Here's my two cents on Pizzaiolo (for whatever they're worth). Here are the ingredients (bold mine)http://www.stanislausfoodproducts.com/_pdfs/Pizzaiolo-Autentico-Pizza-Sauce.pdf
Vine-ripened fresh tomatoes, blend of extra
virgin olive oil and sunflower oil, salt,
oregano, black pepper, granulated garlic and
naturally derived citric acid.
First off, there's never any oil in authentic NY style pizza sauce. One or two places might drizzle oil on the pie pre or post bake, but never in the sauce. The oil diminishes the brightness of the tomato and takes away from the aesthetic. In addition, oil in the sauce adds overall oiliness to the cheese. Good aged mozzarella should give off a healthy dose of oil- enough so that, when tilted downward, oil should drip off the point of the slice. It's standard operating procedure to blot the top of your cheese with a napkin to take off some of grease. At least, it was. If you add oil to that equation, it's too grease-y.
Second, some places use granulated garlic, but, anyone with any kind of culinary know how understands the superiority of fresh garlic.
Third, these are California tomatoes. California tomatoes are always a little tart, always require a little sugar.
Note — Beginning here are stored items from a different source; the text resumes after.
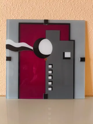 Pieza de cristal con un diseño moderno y abstracto. Medidas 30 CTS. Grosor cristal 4 milímetros. Agujero en el centro( era un reloj de pared) - Combinación de colores: gris, burdeos y blanco. - Elementos geométricos y curvos. - Acabado brillante.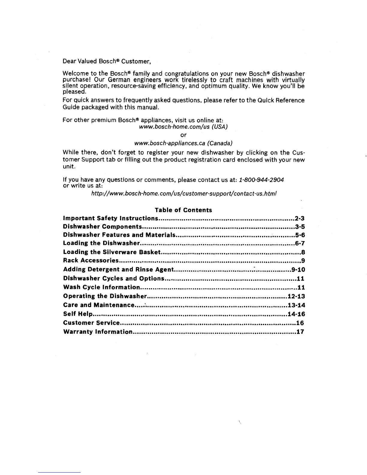 Welcometo the Bosch®familyandcongratulationsonyournewBosch®dishwasher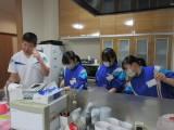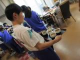 そして、今日は、校区市民館で行われる喜寿苑主催の「一緒に作ろう!」のボランティアを行いました。小学生や高齢者のかたがトレーづくりをするので、そのお手伝いのためのボランティアです。1年生3名と3年生1名が参加し、各テーブルに分かれて一緒にトレーづくりを楽しみました。机の準備からトレーづくりの手助け、道具のかたづけまで中学生がほとんど行ってくれました。頼もしい姿でした。

There you have it, two ingredients I'd never use and one ingredient I always add (to California tomatoes). And they expect me to pay extra for this than if I combined the ingredients myself? Not a chance.
I know that the idea of a ready made pizza sauce appeals to a lot of people, but, here in NY, where cheap labor is relatively abundant and margins tight, you're not going to find many owners paying a premium for a sauce they can make cheaper themselves- especially a sauce that they can make better themselves. I'm sure there's plenty of dollar store places that just default to ready made products like this, but no pizzeria with any kind of pride would stoop this low.